A reserve list will also be up and running, if you have paid a deposit and genuinally cannot make it and a reserve person can take your place then I will return deposits, you can't say farer than that!!!

All requests for specific demos will be addressed on the day and hopefully I can include them.

Please show your interest in the forum if you wish to attend, I will then PM you with Pay Pal address and details of the venue.
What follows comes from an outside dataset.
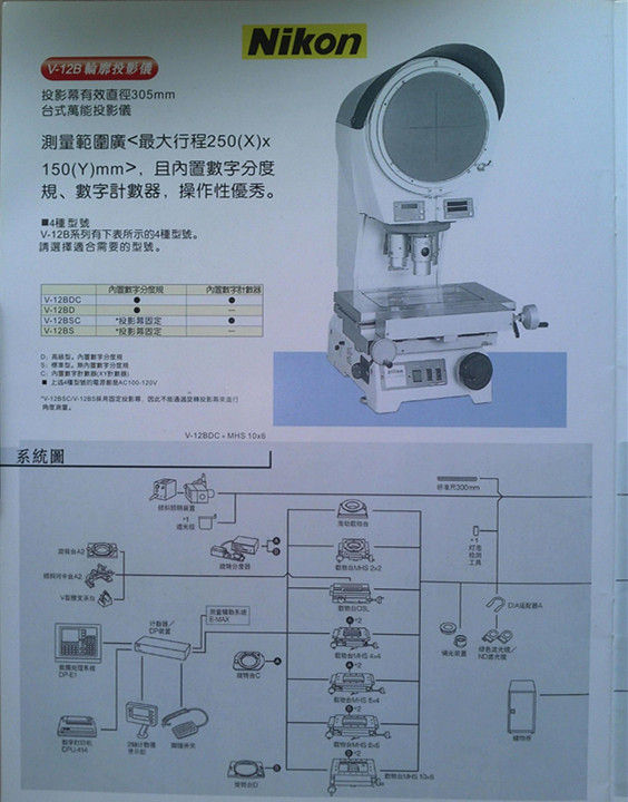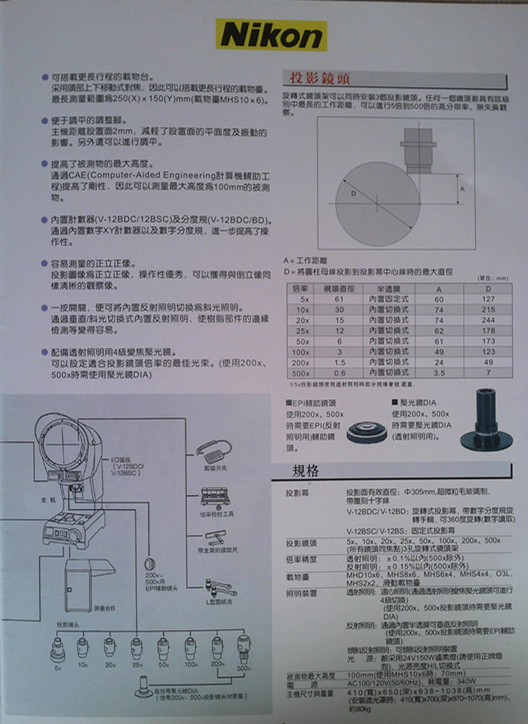 日本尼康V-12系類(lèi)是一款高密立式正像投影儀,帶有直徑305mm超微粒毛玻璃投影屏。多款行程測(cè)量工作臺(tái)和3鏡頭【5X/10X/20X/50/100X/200X/500X可選】 旋轉(zhuǎn)頭,高清晰的成像,高解析度,廣泛應(yīng)用于高度工件的比較測(cè)量和直接讀數(shù)測(cè)量,是一款型密投影儀。

Once deposit is received I will then add you to the list.

The Shinearama shop will be open throughout the day, and I believe Phil is planning a few specials for the day, plus if you need your alloys done have a word with Phil.

Many thanks and hoping for a good day.

Steve

Booking List.

Confirmed Places
1. Alexj
2. Garybmw320d
3. Breakable?
4. Breakable? +1
5. waxajag
6. waxajag +1
7. jubileebug
8. MNMC

Reserve or no deposits received.
1. steve_chester
2.

Cheers looking forward to a great course.
:buffer:

*Some pictures from the class we ran recently at Shinearama in Altrincham, everyone had a great day and learnt a lot.*










































































































Cheers Steve and the Shiney Crew :driver:​


----------



## mnmc (May 26, 2011)

I'm in...PT the payment details please


----------



## Jay2 (Apr 22, 2012)

Hello mate, thanks for the notification.

When is your next DA Workshop for beginners/newbies, if this is the best starting point?

Cheers
Jay


----------



## alexj (Apr 12, 2012)

Nice one looking forward to this


----------



## steve_chester (May 3, 2012)

Count me in - [email protected]


----------



## Breakable? (May 10, 2011)

Two places for me again please steve, payment sent


----------



## Mirror Finish Details (Aug 21, 2008)

mnmc said:


> I'm in...PT the payment details please


PM sent, cheers.



Jay2 said:


> Hello mate, thanks for the notification.
> 
> When is your next DA Workshop for beginners/newbies, if this is the best starting point? Jay


Be June now for the next normal Machine Polishing Workshop.
Cheers



steve_chester said:


> Count me in - [email protected]


Sent PM, cheers.


----------



## jubileebug (Jan 25, 2008)

Hi mate, ive not go too much experience machine polishing, would this course be ok for me?


----------



## Mirror Finish Details (Aug 21, 2008)

jubileebug said:


> Hi mate, ive not go too much experience machine polishing, would this course be ok for me?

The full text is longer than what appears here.